Dinner: 2 small piece of woodfire margherita pizza and 1 beer. So good.

Friday

Breakfast: 1 scrambled egg with salt, kale smoothie with frozen strawberries and pineapple juice

Lunch: Lamb burger (sans bun) with some kind of delicious tomato-garlic aolio stuff, and sweet potato fries

Snack: A handful of pita chips

Dinner: 1/2 grilled chicken breast, some delicious green-beans-in-tomat0-sauce thing that my friend’s Mom made (you may recall that we went to send-off for my friend who is walking across Rwanda), 3 bite-size brownies

Saturday (so far)

Breakfast: Egg scramble with sweet potatoes, kale, and red pepper

Snack: Kale smoothie with frozen strawberries and pineapple juice

Day 18: Coming Up for Air

Today’s aches and pains: Legs and butt, from 75 box jumps last night. Back and shoulders, from 5 reps of squat cleans at max weight from Monday and 25 more squat cleans and 50 ball cleans last night. Abs, which still feel like they are tearing dozens of times a day when I sneeze (Bah! Allergies!), from what I estimate to have been about 80 sit-ups on Monday night. I will say, though, that last night I did NOT finish last, but squarely in the middle with most of the other folks in the class (the Boyfriend finished first by a pretty wide margin… typical), and even though I came THIS close to vomiting at the end of the 800m run that rounded out our WOD, I held it together (not for lack of trying… I actually walked around the corner after the run was over to throw up only to find a bunch of kids who I did not feel like scarring for life, so I managed to keep it in).

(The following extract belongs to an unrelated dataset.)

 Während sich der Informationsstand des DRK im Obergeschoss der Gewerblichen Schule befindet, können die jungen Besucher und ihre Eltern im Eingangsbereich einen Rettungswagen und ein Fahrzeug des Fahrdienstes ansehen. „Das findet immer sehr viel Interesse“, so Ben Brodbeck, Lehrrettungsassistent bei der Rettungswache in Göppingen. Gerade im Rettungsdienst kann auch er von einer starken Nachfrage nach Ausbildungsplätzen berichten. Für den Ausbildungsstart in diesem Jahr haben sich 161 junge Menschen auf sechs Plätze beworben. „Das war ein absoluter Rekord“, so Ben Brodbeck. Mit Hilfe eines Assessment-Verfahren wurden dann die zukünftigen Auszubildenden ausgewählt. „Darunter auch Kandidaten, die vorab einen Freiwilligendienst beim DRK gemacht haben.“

We have been working out on a pretty consistent every-other-day basis, and on this schedule I feel that my body is not so much recovering between WODs but more like coming up for air. Like in the beginning of Jaws, when the girl gets pulled under water and pops back up a few seconds later, hyperventilates a little bit, then is dragged back under the water… that’s sort of how my back muscles have felt. In a classic show of good timing, my best friend (who is preparing to walk across Rwanda while creating a photojournalism piece about the future of the Rwandan people, which you can read more about here) is having a going away party on Friday night, squarely conflicting with our Friday night WOD. Since it’s not every day that someone leaves to walk across one of the more dangerous countries in the world, we are taking Friday off, to send her off on her journey and also to give our muscles a chance to breathe just a little.

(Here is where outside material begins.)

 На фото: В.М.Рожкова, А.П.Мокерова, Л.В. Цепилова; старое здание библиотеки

With a solid 2.5 weeks of Crossfit under my belt at this point, I have to say that I am loving it. It is definitely hard, and like I mentioned in my post a few days ago, it has been harder in some ways than in others, and not necessarily in the ways I was expecting. I feel like most worthwhile challenges that a person undertakes are characterized by their lack of predictability, though. If you can anticipate and feel prepared for each development, each twist and turn, well then maybe you aren’t really challenging yourself like you should be. I’ve definitely found that the most rewarding and valuable experiences I’ve had have surprised me, thrown me on my ass, and even made me cry a few times. And let’s be honest, it’s only a matter of time before a WOD makes me cry.